▶ **What to produce**
Set out exactly, line by line, the stretch of data below that begins at the line containing "マタギ文化を体験する滞在型観光の推進（写真はイメージ）" and ends at the line containing "De gamlas dans 2025", with both ends kept.

(Items listed in a dataset)
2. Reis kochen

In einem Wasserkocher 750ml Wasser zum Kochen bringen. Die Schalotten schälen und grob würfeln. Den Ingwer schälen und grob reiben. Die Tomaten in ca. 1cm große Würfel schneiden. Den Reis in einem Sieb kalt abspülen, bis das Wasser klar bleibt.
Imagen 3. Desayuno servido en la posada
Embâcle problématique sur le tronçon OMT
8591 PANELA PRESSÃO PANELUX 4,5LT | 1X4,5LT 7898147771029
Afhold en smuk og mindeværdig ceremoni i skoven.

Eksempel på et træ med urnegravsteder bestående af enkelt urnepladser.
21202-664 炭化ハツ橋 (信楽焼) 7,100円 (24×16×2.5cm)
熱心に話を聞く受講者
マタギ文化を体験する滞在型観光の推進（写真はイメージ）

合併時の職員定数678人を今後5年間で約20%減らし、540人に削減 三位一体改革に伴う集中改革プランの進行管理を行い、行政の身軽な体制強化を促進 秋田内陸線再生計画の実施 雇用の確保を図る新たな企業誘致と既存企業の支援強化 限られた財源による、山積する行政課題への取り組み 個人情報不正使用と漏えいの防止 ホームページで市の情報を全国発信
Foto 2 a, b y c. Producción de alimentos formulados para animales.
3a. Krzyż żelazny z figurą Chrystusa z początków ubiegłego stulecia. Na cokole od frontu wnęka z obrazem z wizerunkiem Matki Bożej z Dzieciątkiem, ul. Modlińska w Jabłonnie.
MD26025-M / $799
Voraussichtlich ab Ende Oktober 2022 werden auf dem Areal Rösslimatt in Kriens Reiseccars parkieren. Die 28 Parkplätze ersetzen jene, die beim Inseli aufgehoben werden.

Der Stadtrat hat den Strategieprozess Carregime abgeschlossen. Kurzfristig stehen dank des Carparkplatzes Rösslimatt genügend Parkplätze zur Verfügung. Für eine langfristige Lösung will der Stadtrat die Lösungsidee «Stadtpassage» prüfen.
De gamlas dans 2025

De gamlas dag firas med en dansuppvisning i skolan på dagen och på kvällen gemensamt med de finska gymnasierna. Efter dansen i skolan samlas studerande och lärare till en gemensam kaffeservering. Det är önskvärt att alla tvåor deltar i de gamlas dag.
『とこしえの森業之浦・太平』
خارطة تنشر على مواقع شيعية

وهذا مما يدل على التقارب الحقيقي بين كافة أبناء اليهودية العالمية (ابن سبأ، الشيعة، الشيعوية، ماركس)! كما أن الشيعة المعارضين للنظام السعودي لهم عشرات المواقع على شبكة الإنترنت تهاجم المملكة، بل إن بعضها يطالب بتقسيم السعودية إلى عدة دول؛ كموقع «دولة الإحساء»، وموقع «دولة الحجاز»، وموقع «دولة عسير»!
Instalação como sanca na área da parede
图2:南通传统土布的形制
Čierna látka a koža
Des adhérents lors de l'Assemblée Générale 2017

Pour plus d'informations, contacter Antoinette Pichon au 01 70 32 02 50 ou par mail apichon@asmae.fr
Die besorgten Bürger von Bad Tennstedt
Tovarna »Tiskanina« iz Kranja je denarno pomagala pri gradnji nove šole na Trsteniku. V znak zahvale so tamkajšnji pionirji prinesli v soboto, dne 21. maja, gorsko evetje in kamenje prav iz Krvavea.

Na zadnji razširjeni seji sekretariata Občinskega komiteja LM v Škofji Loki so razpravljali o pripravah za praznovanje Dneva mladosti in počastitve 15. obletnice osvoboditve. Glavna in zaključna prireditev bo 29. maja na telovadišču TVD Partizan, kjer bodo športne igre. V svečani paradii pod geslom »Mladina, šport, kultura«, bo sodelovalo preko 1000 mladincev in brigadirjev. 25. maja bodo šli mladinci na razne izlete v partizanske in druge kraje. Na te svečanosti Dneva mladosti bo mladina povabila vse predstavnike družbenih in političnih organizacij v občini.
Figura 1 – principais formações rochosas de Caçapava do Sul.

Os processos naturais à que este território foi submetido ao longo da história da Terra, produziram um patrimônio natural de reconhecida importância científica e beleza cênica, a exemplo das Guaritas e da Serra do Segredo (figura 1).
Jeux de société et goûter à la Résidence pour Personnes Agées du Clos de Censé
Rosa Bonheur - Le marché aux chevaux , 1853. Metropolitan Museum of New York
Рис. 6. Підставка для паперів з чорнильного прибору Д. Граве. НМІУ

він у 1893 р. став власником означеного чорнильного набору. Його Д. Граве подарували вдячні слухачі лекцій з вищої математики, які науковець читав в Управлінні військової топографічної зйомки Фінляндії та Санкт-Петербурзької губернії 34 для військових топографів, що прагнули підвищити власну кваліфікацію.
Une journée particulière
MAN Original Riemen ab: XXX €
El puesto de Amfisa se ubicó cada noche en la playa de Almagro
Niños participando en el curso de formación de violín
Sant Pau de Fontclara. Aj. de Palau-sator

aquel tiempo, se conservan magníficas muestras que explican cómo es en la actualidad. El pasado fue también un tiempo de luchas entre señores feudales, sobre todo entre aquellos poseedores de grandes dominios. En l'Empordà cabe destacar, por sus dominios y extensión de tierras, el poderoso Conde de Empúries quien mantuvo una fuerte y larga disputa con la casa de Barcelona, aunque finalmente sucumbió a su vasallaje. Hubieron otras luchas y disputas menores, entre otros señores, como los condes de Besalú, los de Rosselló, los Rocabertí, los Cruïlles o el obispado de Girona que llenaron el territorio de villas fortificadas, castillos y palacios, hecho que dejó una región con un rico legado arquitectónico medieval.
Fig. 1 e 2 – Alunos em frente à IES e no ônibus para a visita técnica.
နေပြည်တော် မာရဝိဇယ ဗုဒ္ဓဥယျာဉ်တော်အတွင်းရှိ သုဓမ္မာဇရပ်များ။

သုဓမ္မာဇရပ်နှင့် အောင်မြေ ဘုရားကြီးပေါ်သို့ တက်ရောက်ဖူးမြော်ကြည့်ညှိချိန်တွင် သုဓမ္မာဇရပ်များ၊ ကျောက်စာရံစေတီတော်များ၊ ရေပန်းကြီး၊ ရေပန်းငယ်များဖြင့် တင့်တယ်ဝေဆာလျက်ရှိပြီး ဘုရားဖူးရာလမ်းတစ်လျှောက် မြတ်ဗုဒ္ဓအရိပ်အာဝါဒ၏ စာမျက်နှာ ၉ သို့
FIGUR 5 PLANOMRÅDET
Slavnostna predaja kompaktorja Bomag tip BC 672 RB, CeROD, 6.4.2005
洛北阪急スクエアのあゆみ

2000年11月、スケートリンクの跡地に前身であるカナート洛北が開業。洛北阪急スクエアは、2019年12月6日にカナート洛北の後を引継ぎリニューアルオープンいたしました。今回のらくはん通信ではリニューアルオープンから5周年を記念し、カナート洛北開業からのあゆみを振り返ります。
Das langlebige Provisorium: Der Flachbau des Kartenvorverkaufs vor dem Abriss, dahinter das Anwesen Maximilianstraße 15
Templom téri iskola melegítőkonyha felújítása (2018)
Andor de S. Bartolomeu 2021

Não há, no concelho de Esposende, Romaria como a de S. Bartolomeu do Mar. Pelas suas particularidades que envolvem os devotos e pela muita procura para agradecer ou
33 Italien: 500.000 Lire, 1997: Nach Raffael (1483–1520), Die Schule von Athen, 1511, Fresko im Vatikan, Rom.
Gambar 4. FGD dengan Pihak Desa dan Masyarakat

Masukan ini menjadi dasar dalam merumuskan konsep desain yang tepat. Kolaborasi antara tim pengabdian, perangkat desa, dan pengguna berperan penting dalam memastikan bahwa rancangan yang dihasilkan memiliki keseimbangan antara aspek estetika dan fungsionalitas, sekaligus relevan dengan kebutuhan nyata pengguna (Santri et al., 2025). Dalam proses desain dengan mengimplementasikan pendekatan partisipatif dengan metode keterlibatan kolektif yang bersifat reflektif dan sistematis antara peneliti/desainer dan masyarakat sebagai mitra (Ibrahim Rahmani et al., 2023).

▶ **Task result**
マタギ文化を体験する滞在型観光の推進（写真はイメージ）

合併時の職員定数678人を今後5年間で約20%減らし、540人に削減 三位一体改革に伴う集中改革プランの進行管理を行い、行政の身軽な体制強化を促進 秋田内陸線再生計画の実施 雇用の確保を図る新たな企業誘致と既存企業の支援強化 限られた財源による、山積する行政課題への取り組み 個人情報不正使用と漏えいの防止 ホームページで市の情報を全国発信
Foto 2 a, b y c. Producción de alimentos formulados para animales.
3a. Krzyż żelazny z figurą Chrystusa z początków ubiegłego stulecia. Na cokole od frontu wnęka z obrazem z wizerunkiem Matki Bożej z Dzieciątkiem, ul. Modlińska w Jabłonnie.
MD26025-M / $799
Voraussichtlich ab Ende Oktober 2022 werden auf dem Areal Rösslimatt in Kriens Reiseccars parkieren. Die 28 Parkplätze ersetzen jene, die beim Inseli aufgehoben werden.

Der Stadtrat hat den Strategieprozess Carregime abgeschlossen. Kurzfristig stehen dank des Carparkplatzes Rösslimatt genügend Parkplätze zur Verfügung. Für eine langfristige Lösung will der Stadtrat die Lösungsidee «Stadtpassage» prüfen.
De gamlas dans 2025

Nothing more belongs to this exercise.